子供の.とき(高知)で父親が威勢がいいときには当時まだ珍しかった補助輪付自転車に
乗れるようになったら、父親破産で持っていかれてしまった
その後、中学で東京に出て、住み込みで読売新聞の配達員を代々木で。
そのときにアメリカ人住宅が配達エリアでアメリカ人の子供と友達になり英語を学べた
配達は自転車で
そして近畿日本ツーリストの添乗員 英語がしゃべれるので重宝され
サイドビジネスで金回りよし でも貯まらず
広告代理店の仕事に変わったとき、ロードサイクル特集記事企画を任されて
モデルを探していて奥様を見初めたこと
だから家族で自転車好き。
直木賞受賞の日も自転車で行ったそうだ。
リーダーシップでとてもいい記述があった。
そこを抜きだして締めにしたい。
◎ ロードレースが教えてくれるチームの力
ぼくがロードレーサーに凝っていた頃の話ですが、周りの仲間たちもみんな誇りを持っていた。

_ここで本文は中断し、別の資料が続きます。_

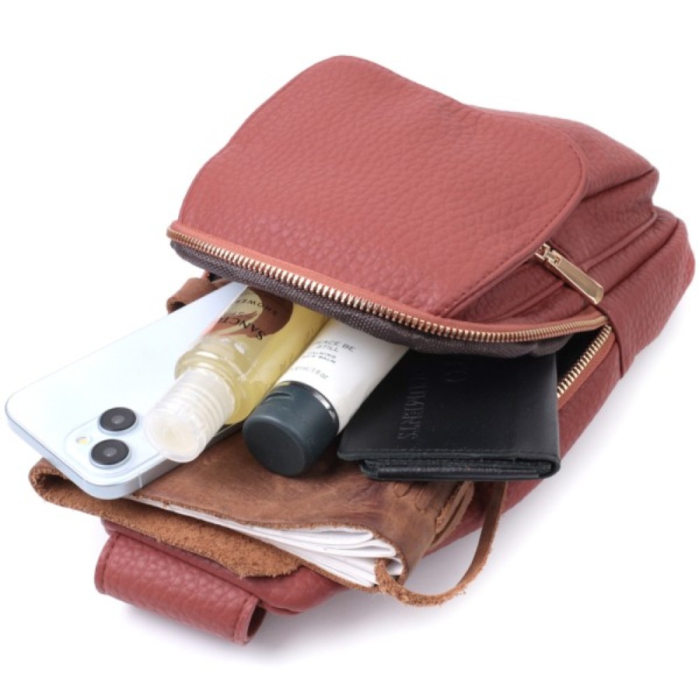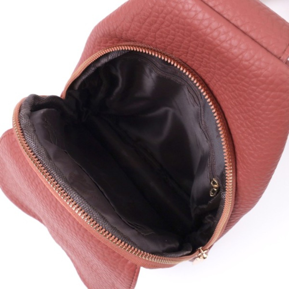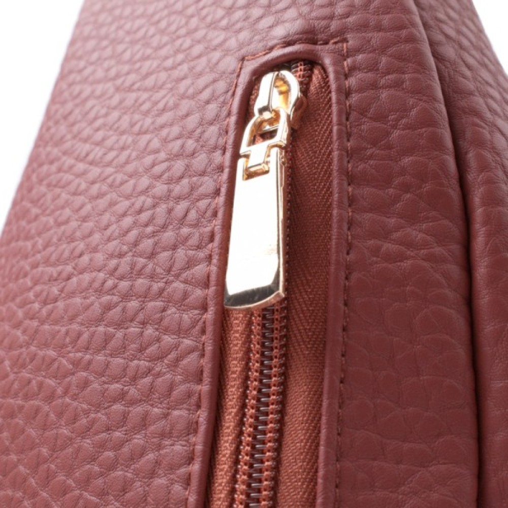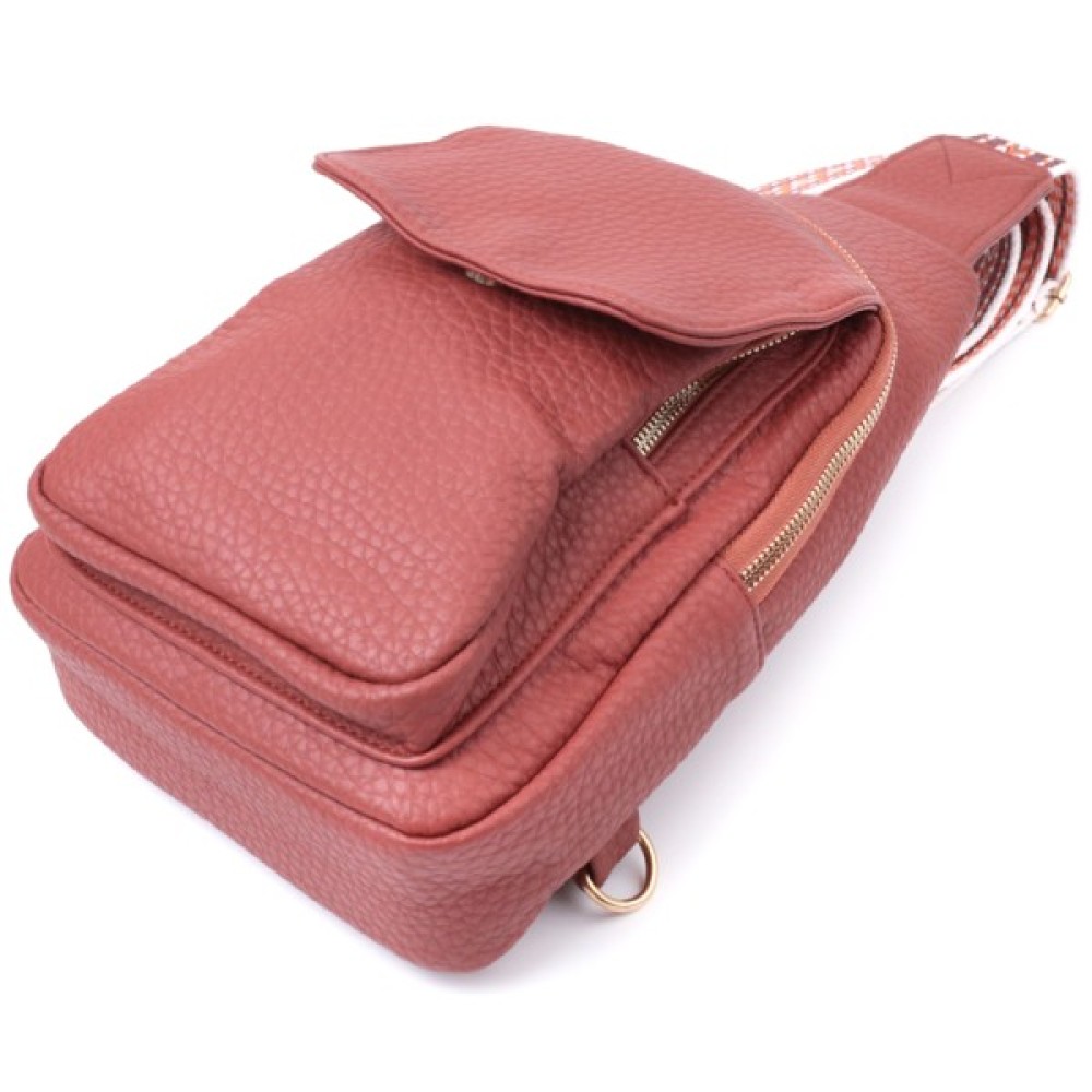 Жіноча слінг сумка з зернистої екошкіри в цікавий бордовий колір.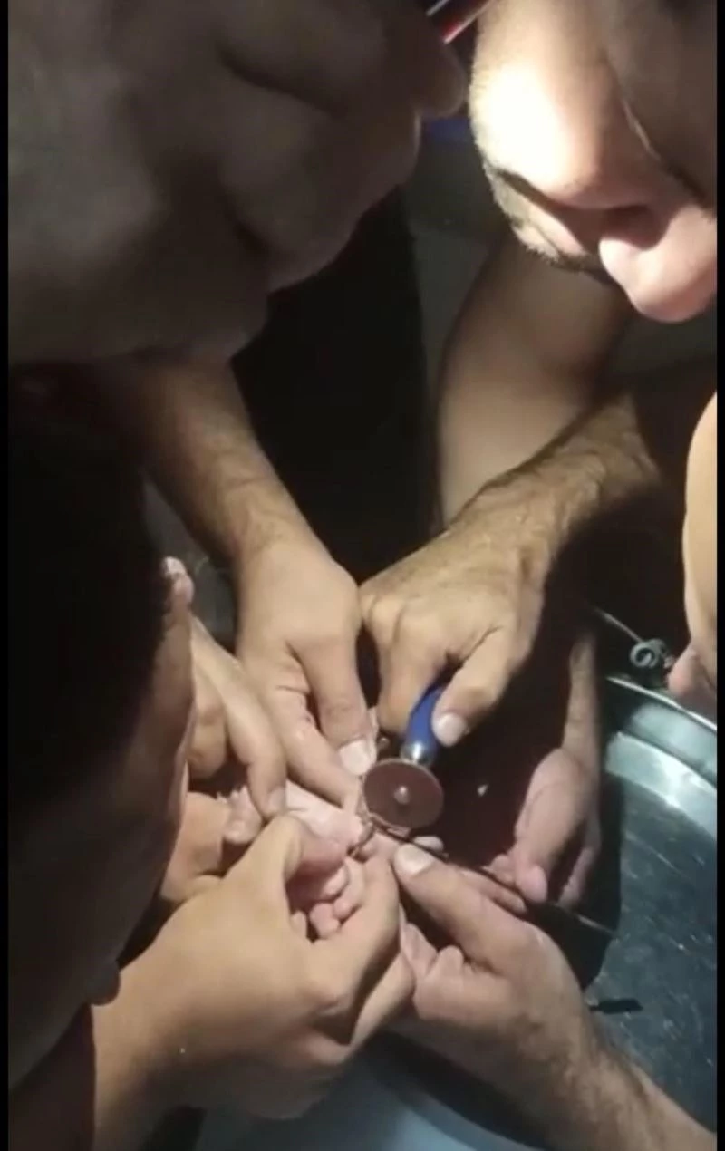 Edinilen bilgiye göre, evde anahtarlıkla oynayan küçük kız parmağını anahtarlığa sıkıştırdı. Ailenin durumu fark etmesi üzerine anne ve babası küçük çocuğu alarak İtfaiye Müdürlüğüne götürdü. Anahtarlığa sıkışan parmağın morardığını gören itfaiye ekipleri önce bir kapa su koydu ardından spiral makinası ve kesici aletle çocuğun parmağını anahtarlıktan çıkardı.

6人で一緒に走るとなると、必ず先頭を交代する。トップの人間はすごい風圧を受けるから、
交代mしないと進んで行けない。自分が他の5人の風除けになっているとの使命感を持って
頑張るんです。ほかの5人も、トップの人間の辛さを理解しているから、「よし次は俺だ」って
先頭を代わってあげる。みんながそのことをわかっているから、安心して先頭を走れる。
ものごとが進むということは、そういうことでしょう。
チーム6人で先頭を交代すれば、お互いが6分の一ずつを負担すればいい。いずれ自分も
トップをひかなきゃいkないけれど、それまでは後ろで体力を温存していればいい。そうやって
スムーズに前へ前へと進んでいけるんです。
ところがトップの人間が考え違いをして、オレがオレがみたいになったら、チームはもたない。

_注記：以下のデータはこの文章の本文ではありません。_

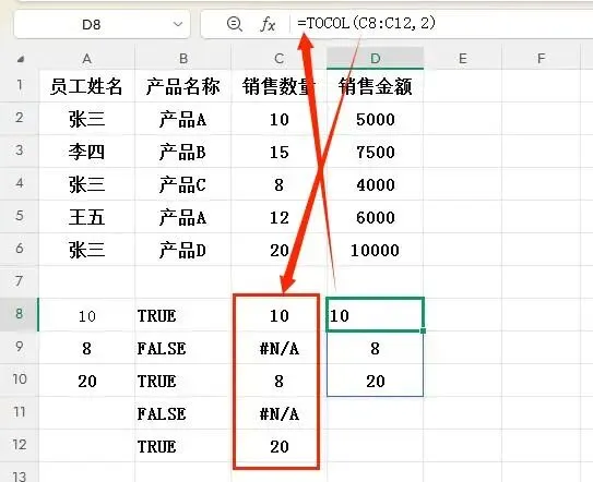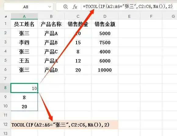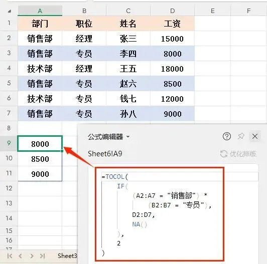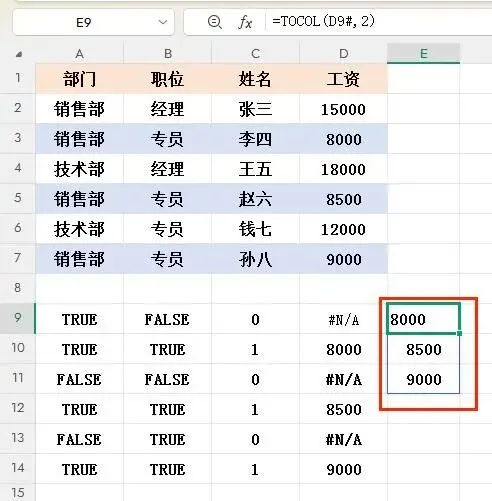 4. 加上TOCOL函数最终的返回结果:{8000;8500;9000}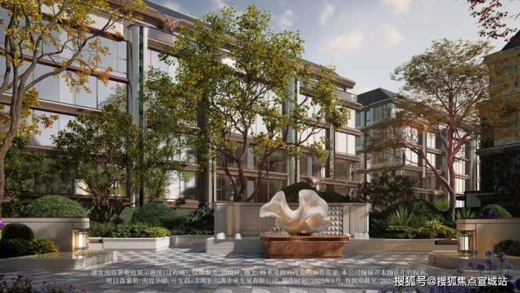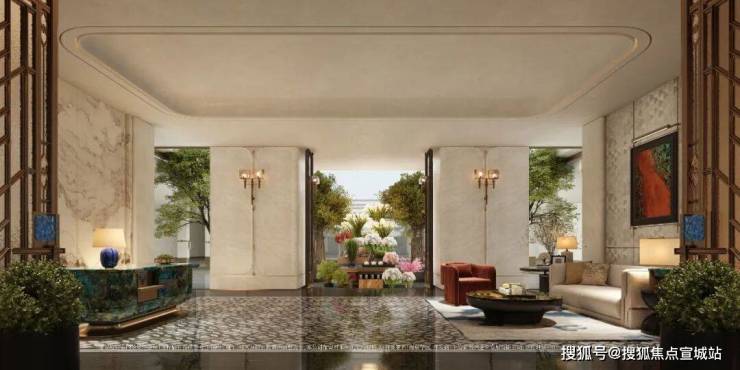以玉兰门庭—迎归大堂—莳花荟为主轴,敬献步履生辉的归家艺旅:玉兰门庭如繁花盛绽,尊华瑞鳞水景聚运生财,双尊铜狮镇守家宅;迎归大堂流转光影艺韵,百羽栖澜艺术雕塑、芦海宸韵非遗绣作流淌摩登气韵;莳花荟中央会客厅移步异景,献映会客、休闲等雅会。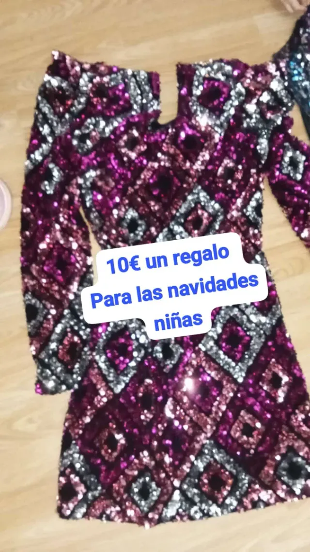 Vestido fiesta lentejuelas rosa y plata 38.40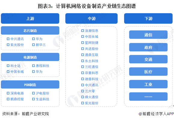 从计算机网络设备制造行业上中下游产业链参与企业来看,上游企业包括中兴、新华三、华为等硬件设计制造企业;计算机网络设备制造中游的企业则由紫光股份、中兴通讯、浪潮信息等企业构成。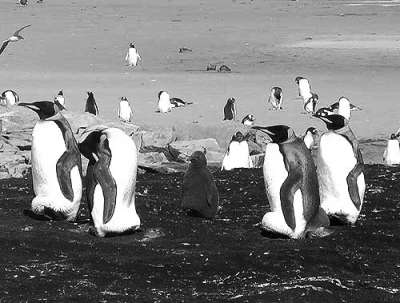 正闲谈间,成群的企鹅突然从海中冒出头来,如登陆艇般争相冲上海滩。我好奇心大起,赶忙加入到它们的行列中去。这些家伙的纪律性可真强:一边的长队里全是绅士企鹅,另一边全是麦哲伦企鹅,丝毫不乱。再听听它们抑扬顿挫的鸣声交织回荡,谁说动物没有组织观念?

後ろについている人間のことを考えず、自分がトップを走りたいという自分のことだけしか頭に
ないから、チームとしては前へ進まなくなる。大体そういう人間というのは、能力も足りていません。
トップを張れるだけのない人間がトップを譲らず走ろうとしたら、チームはバラバラになります。
本人はそのことに気が付かないくらいに、自分が主語の人間ですね。絶対に譲ろうとしない。